Answer
Verified
100.8k+ views
Hint: First, differentiate the given equation with respect to the variable \[x\]. Again, differentiate the first derivative with respect to the variable \[x\] by using the quotient rule of differentiation. Follow these steps to calculate the second derivative of the given equation with respect to \[y\], and \[z\]. In the end, substitute the values of all three-second derivatives on the left-hand side of the given equation to reach the required answer.
Formula used:
\[\dfrac{d}{{dx}}\left( {{x^n}} \right) = n{x^{n - 1}}\]
\[\dfrac{d}{{dx}}\left( {\sqrt {{x^n}} } \right) = \dfrac{1}{{2\sqrt {{x^n}} }}\dfrac{d}{{dx}}\left( {{x^n}} \right)\]
Quotient rule: \[\dfrac{d}{{dx}}\left( {\dfrac{u}{v}} \right) = \dfrac{{v\dfrac{{du}}{{dx}} - u\dfrac{{dv}}{{dx}}}}{{{v^2}}}\]
Complete step by step solution:
The given equation is \[u = \sqrt {{x^2} + {y^2} + {z^2}} \].
To prove: \[u\left( {\dfrac{{{d^2}u}}{{d{x^2}}} + \dfrac{{{d^2}u}}{{d{y^2}}} + \dfrac{{{d^2}u}}{{d{z^2}}}} \right) = 2\]
Let’s differentiate the given equation with respect to the variable \[x\].

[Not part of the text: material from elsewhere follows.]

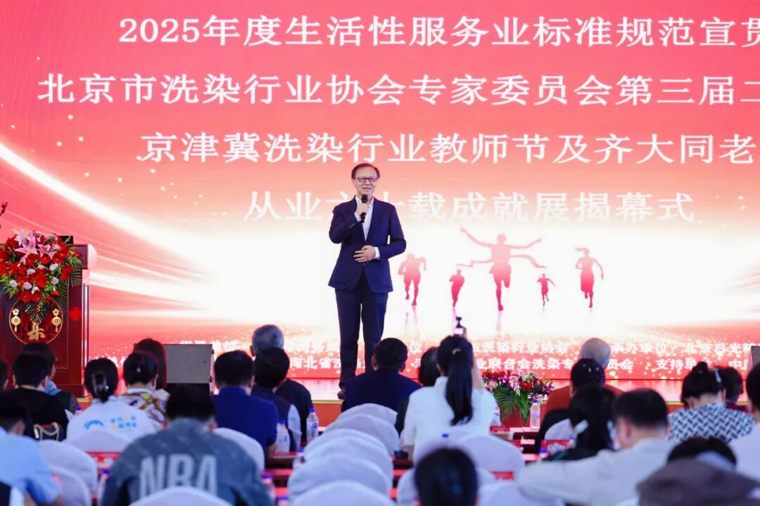 针对北京市洗染行业协会专家委员会的工作,他给予高度肯定,指出委员会在技能竞赛组织、团体标准编制、专业人才培训等方面的成果,为全国洗染行业的规范化、专业化发展提供了可复制的“北京经验”。最后,他寄语全体从业者:要以齐大同老师为榜样,在坚守匠心的同时拥抱创新变革,借助标准引领与技艺传承的双轮驱动,共同推动洗染行业向高质量发展阶段稳步迈进。

Apply the differential formula \[\dfrac{d}{{dx}}\left( {\sqrt {{x^n}} } \right) = \dfrac{1}{{2\sqrt {{x^n}} }}\dfrac{d}{{dx}}\left( {{x^n}} \right)\]
\[\dfrac{{du}}{{dx}} = \dfrac{1}{{2\sqrt {{x^2} + {y^2} + {z^2}} }}\dfrac{d}{{dx}}\left( {{x^2} + {y^2} + {z^2}} \right)\]

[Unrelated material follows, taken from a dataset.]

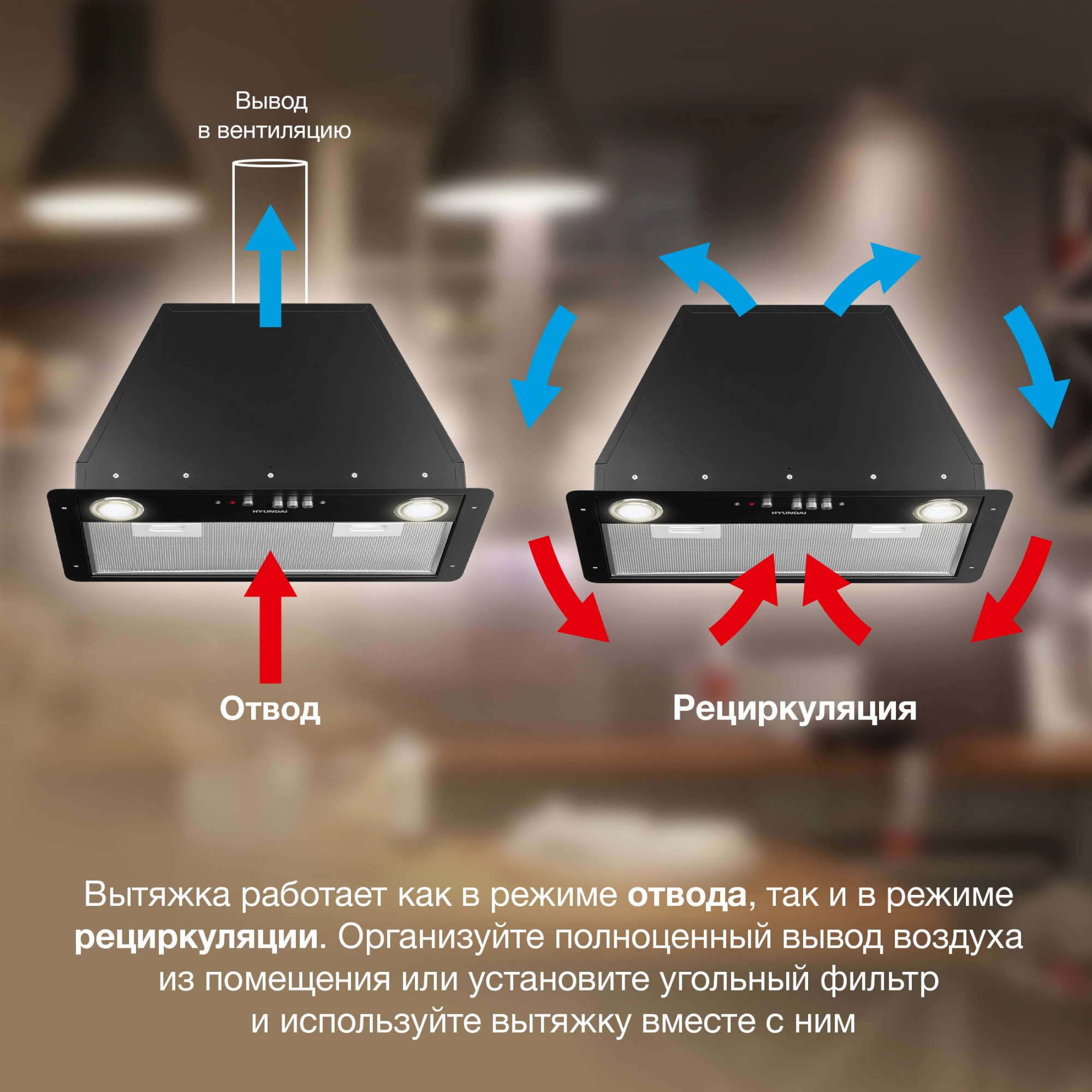 Хотите сделать Ваш кухонный гарнитур удобным и придать ему шарма? Полностью встраиваемая кухонная вытяжка HYUNDAI HBB 6035 BK позволит Вам рационально использовать пространство кухонных шкафов и поможет устранить запахи, которые возникают при приготовлении пищи.

\[ \Rightarrow \dfrac{{du}}{{dx}} = \dfrac{1}{{2\sqrt {{x^2} + {y^2} + {z^2}} }}\left( {2x} \right)\]
\[ \Rightarrow \dfrac{{du}}{{dx}} = \dfrac{x}{{\sqrt {{x^2} + {y^2} + {z^2}} }}\]
Again, differentiate the above differential equation with respect to the variable \[x\].
\[\dfrac{d}{{dx}}\left( {\dfrac{{du}}{{dx}}} \right) = \dfrac{d}{{dx}}\left( {\dfrac{x}{{\sqrt {{x^2} + {y^2} + {z^2}} }}} \right)\]
Apply the quotient rule of differentiation.
\[\dfrac{{{d^2}u}}{{d{x^2}}} = \dfrac{{\left( {\sqrt {{x^2} + {y^2} + {z^2}} } \right)\dfrac{d}{{dx}}\left( x \right) - x\dfrac{d}{{dx}}\left( {\sqrt {{x^2} + {y^2} + {z^2}} } \right)}}{{{{\left( {\sqrt {{x^2} + {y^2} + {z^2}} } \right)}^2}}}\]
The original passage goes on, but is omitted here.